Both the researchers and the perspective authors were quick to suggest that therapies targeting IL-6 or its receptor – such as those approved and used for the treatment of rheumatoid arthritis – could be repurposed to prevent cachexia and other psychological symptoms in cancer patients.
“Supporting this view, the IL-6 antibody tocilizumab has shown promise in alleviating cancer cachexia in small-scale human studies,” the perspective authors noted.
However, Professor Cheng was more measured in her views on how the findings in mice could translate to humans.
“[Previous] IL-6 inhibitors have been quite problematic – people have suffered from a lot of side effects because IL-6 is a very general factor involved in inflammation. So, it’s very difficult to target IL-6 without side effects,” she explained.
Attempts to use IL-6 antibodies had been promising in preclinical studies but had also not panned out when tested in clinical settings.
“The researchers argue that anti-IL-6 therapies had failed because they had been used very late in disease progression, and that if they had used it earlier, then perhaps the outcomes would be better,” Professor Cheng said.

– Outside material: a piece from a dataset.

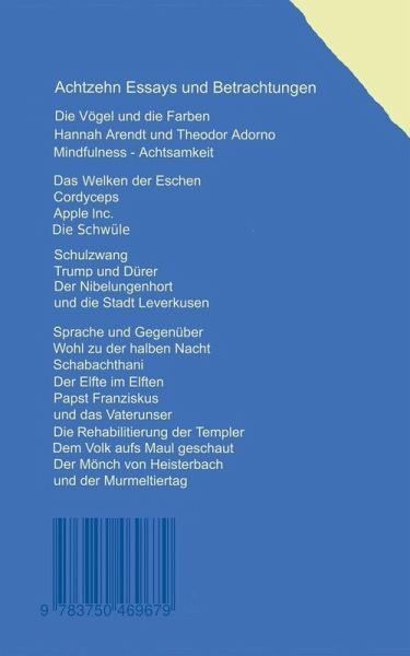 Der Text beschäftigt sich mit dem Wesen der Farben, etwa ihrer Neigung, sich zu gruppieren, und geht in diesem Zusammenhang auf die Fragwürdigkeit der von Immanuel Kant ausgehenden naturwissenschaftlichen Definition der Farbe als elektromagnetische Wellenlänge sowie der damit verbundenen Erkenntnislehre ein.Achtzehn Essays und Betrachtungen:Die Vögel und die FarbenHannah Arendt und Theodor AdornoMindfulness AchtsamkeitDas Welken der EschenCordycepsApple Inc.Die SchwüleSchulzwang Trump und DürerDer Nibelungenhort und die Stadt LeverkusenSprache und GegenüberWohl zu der halben NachtSchachthaniDer Elfte im ElftenDie Rehabilitierung der TemplerDem Volk aufs Maul geschautPapst Franziskus und das VaterunserDer Mönch von Heisterbach und der Murmeltier-Tag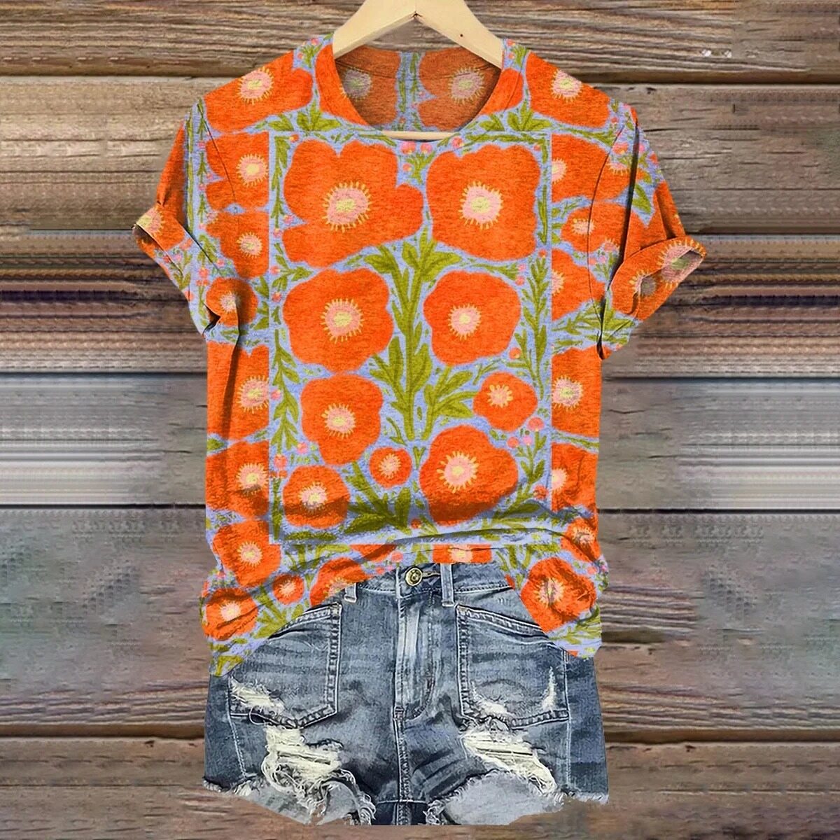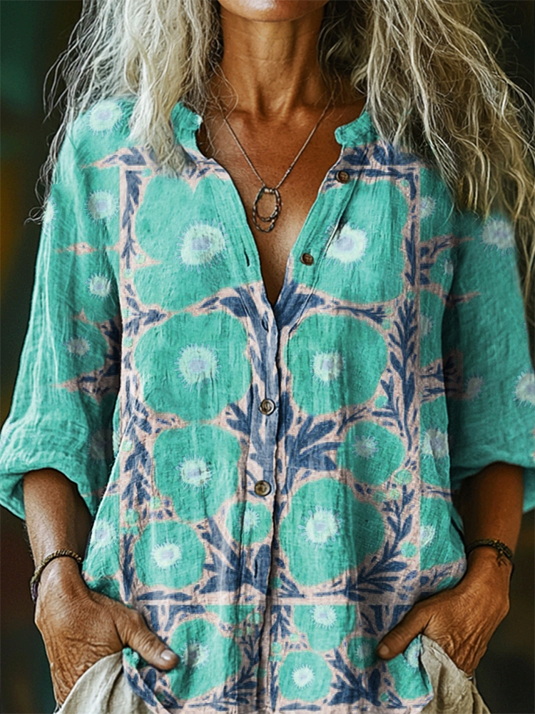 Women's Floral Pattern Art Print Casual Cotton Linen Shirt

“That’s hard to tell, because in this particular case, all the work has been done in mice. How these findings translate to patients is anyone’s guess. But it was an interesting study, and they showed some convincing evidence that this is a circuit that is responsible for these behaviours. This is a great starting point.

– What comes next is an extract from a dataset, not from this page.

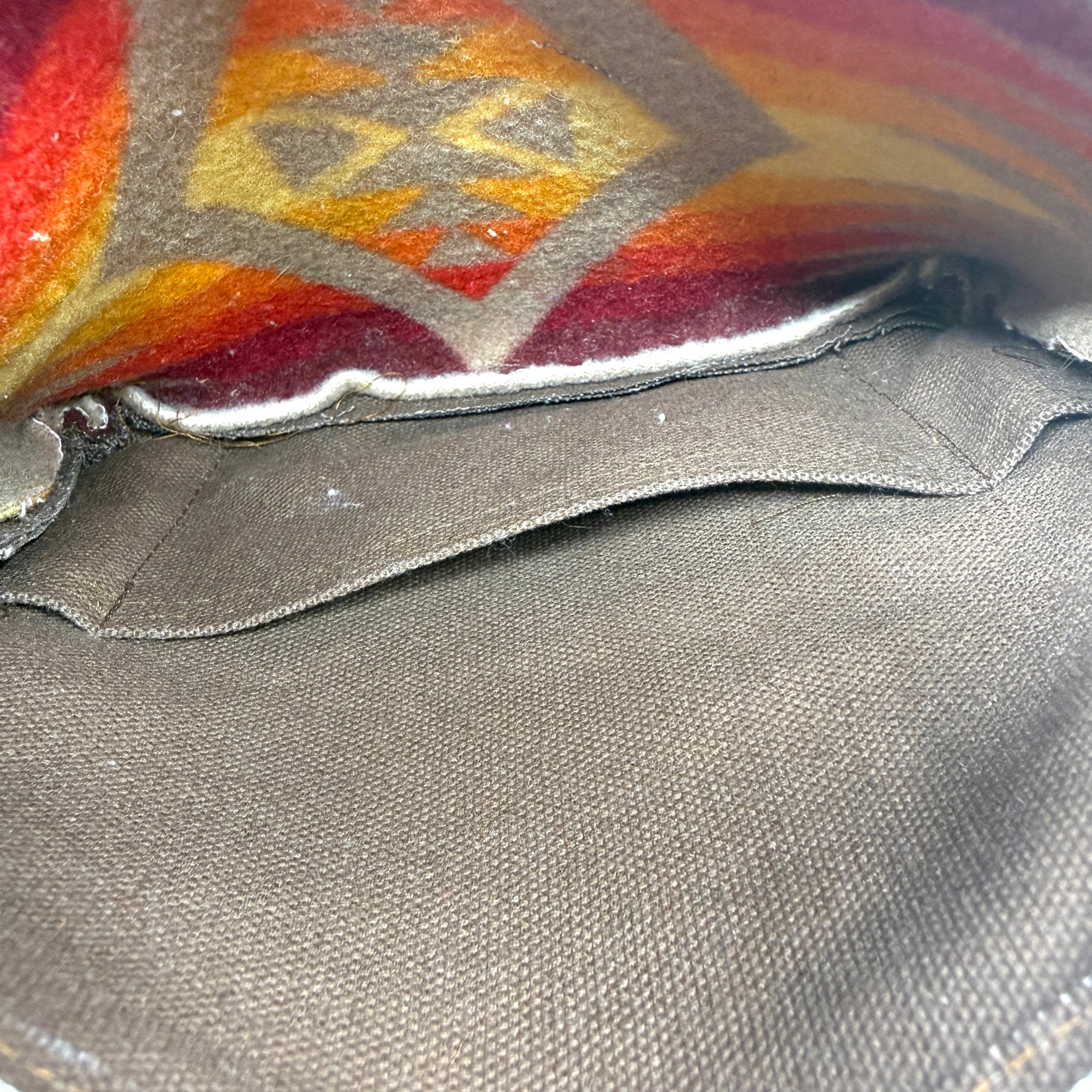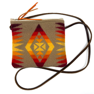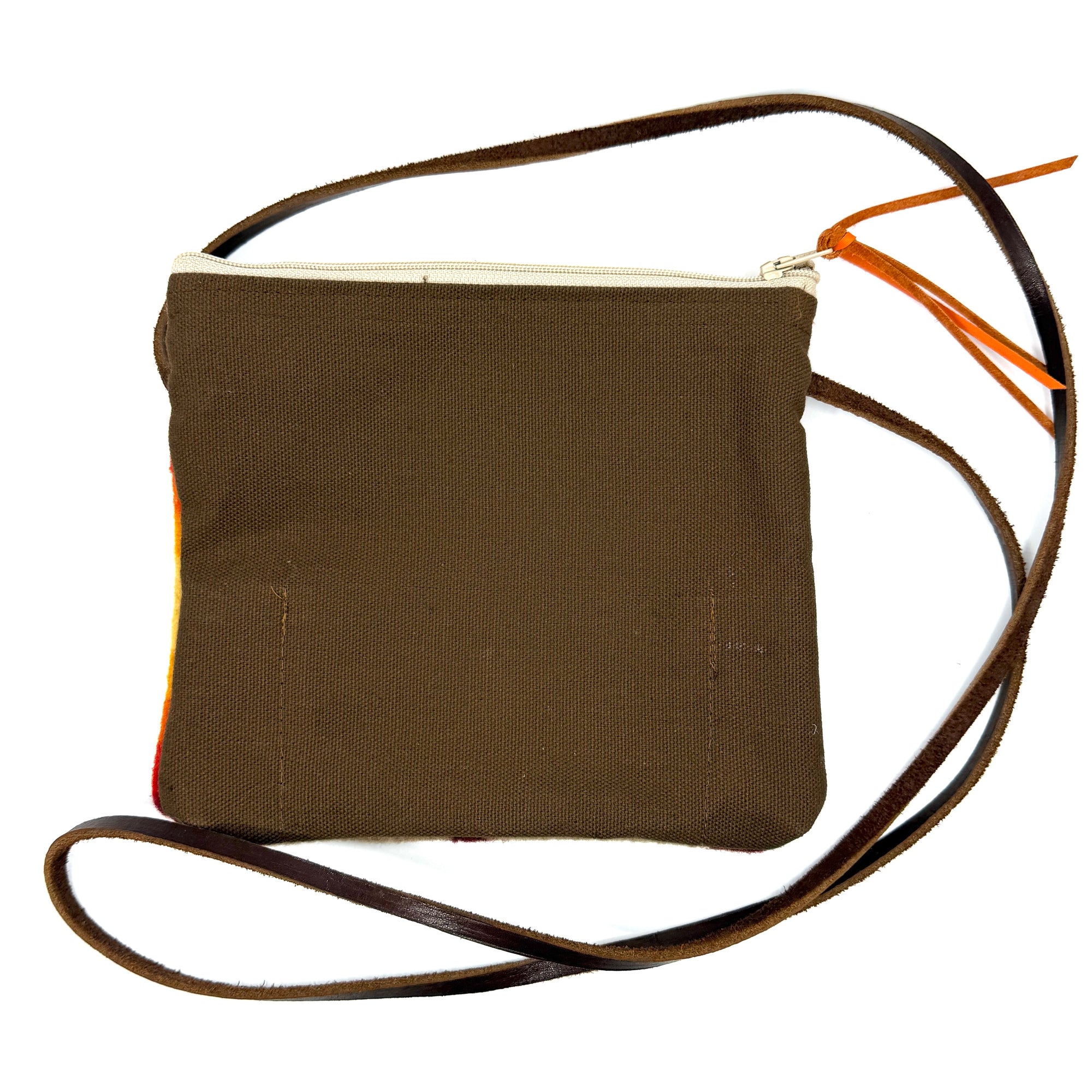 Repurposed wool Pendleton blanket purse with a brown canvas backside and one canvas inner open pocket by Pam Robbins. Zipper closure with orange leather zipper pull.

“The challenge has always been that when people lose weight, go to the doctor and do a blood test that leads to a cancer diagnosis, the focus is generally on trying to cure the cancer and cachexia is something underappreciated.”
Professor Cheng acknowledged that cachexia, while a significant issue for cancer patients, was often left to the wayside as there was no effective way to treat it. But she felt this study got to the crux of the problem – how to diagnose and potentially treat cachexia at an early enough stage where it hasn’t caused a huge amount of damage.